The remaining issue is the cultural and political acceptation of a redefined right to property, after a twenty-year consensus which ensued from the fall of the Soviet Union. « It doesn’t matter whether it’s a white cat or a black, I think : a cat that catches mice is a good cat », stated Deng Xiaoping on the dawn of this era of consensus.
Quickly, the imbalances caused by this evolution have made it necessary to call into question, once again, the relationship between individual freedom and collective wellbeing. The most significant element in this process was the 2009 Nobel Prize in Economic Sciences, awarded to Elinor Ostrom and Oliver Williamson for their research on the “commons”. The Nobel Academy established the idea of reaching a new balance between individual and collective interest, within the right to property, as a new paradigm in economic theory. This confirms a myriad of initiatives, all over the world: inhabitants’ cooperatives in Germany, community work and living units in Catalonia, popular investment funds, slum renovation cooperatives, popular urban planning initiatives in Sri Lanka…

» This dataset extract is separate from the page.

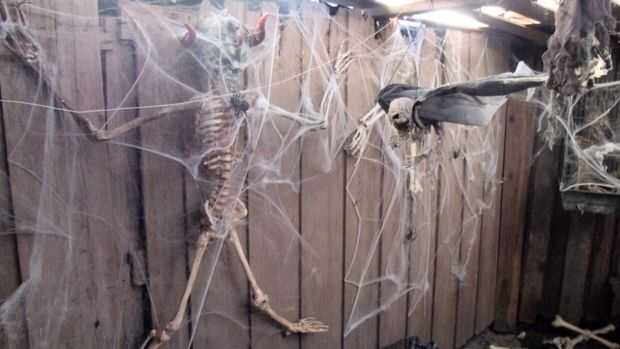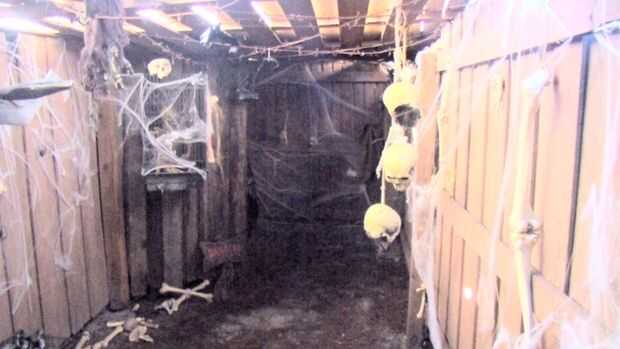 esta habitación es realmente más de un pasillo amplio pero uno de mis actores quiso lo rondan, colgó varios huesos y se hizo el pequeño vuelo ghoul mueva a lo largo de una línea de zip, tiene un ángulo de la pared al final para lanzar varios pies y otra vuelta de tuerca a la guarida

These initiatives also exist in France and in the housing sector, and they are reshaping the right to property. Several initiatives have received support from local authorities and aim at developing non-speculative mutual benefit initiatives: in the Ile-de-France region (the Paris area) and in Lyon, players have been considering adopting the American Community Land Trusts (which have already been imported in the UK and in Belgium). These Land Trusts distinguish between land ownership and property of the walls, allowing for a cheaper access to land use in exchange for giving up ground income. In Alsace, fair self-promoting neighbourhoods are being encouraged. Social landlords sell homes to their inhabitants, with non-speculative clauses. Inhabitants’ cooperatives are thriving, with diverse legal forms and statutes. These collaborative projects are redefining the functions of habitat and creating a neighbourhood-based form of democracy. Ground rent is no longer an obvious component of the right to property. This novel situation is an opportunity to live differently, to gain ownership over other elements of habitat: its design, occupation statutes, the definition of user costs, its relationships with the surrounding environment. This change is an opportunity to replace competition-based relationships with cooperation-based relationships. Individuals, organisations and local authorities are now experimenting with it. Regulating land uses, types of construction, financial engineering, collective and individual legal statute… France, Europe and the world are planting the seeds of sustainable development within the chipped vault of an all-consuming individual property.
The ground rent society is overheating and self-management experiments, as well as systemic transformations based on firmly grounded theoretical constructions, are currently coming together to overthrow an obsolete form of organisation.
1 Nobel c/ Pays-Bas, 27126/11.
2 This expression was used by François Luchaire, a member of the Constitutional Council, in a memo to the Council on the right to property.
3 The Court considered that the idea of respect for possessions means right to property. EHRC, 1979, Marckx v Belgium.
4 EHRC, 1991, Fredin v Sweden.
5 EHCR, 1989, Baner v Sweden.
6 EHCR, 1992, Pine Valley Developments v Ireland.
7 EHCR, 1990, Mellacher v Austria.
8 EHCR, 2002, Stretch v United Kingdom.
9 EHCR, Shevchenko v Russia (2008), Burdov v Russia (2004), Novikov v Russia (2008) Nagovitsine v Russia (2008), Ponomarenko v Russia (2007), Sypchenko v Russia (2007), etc.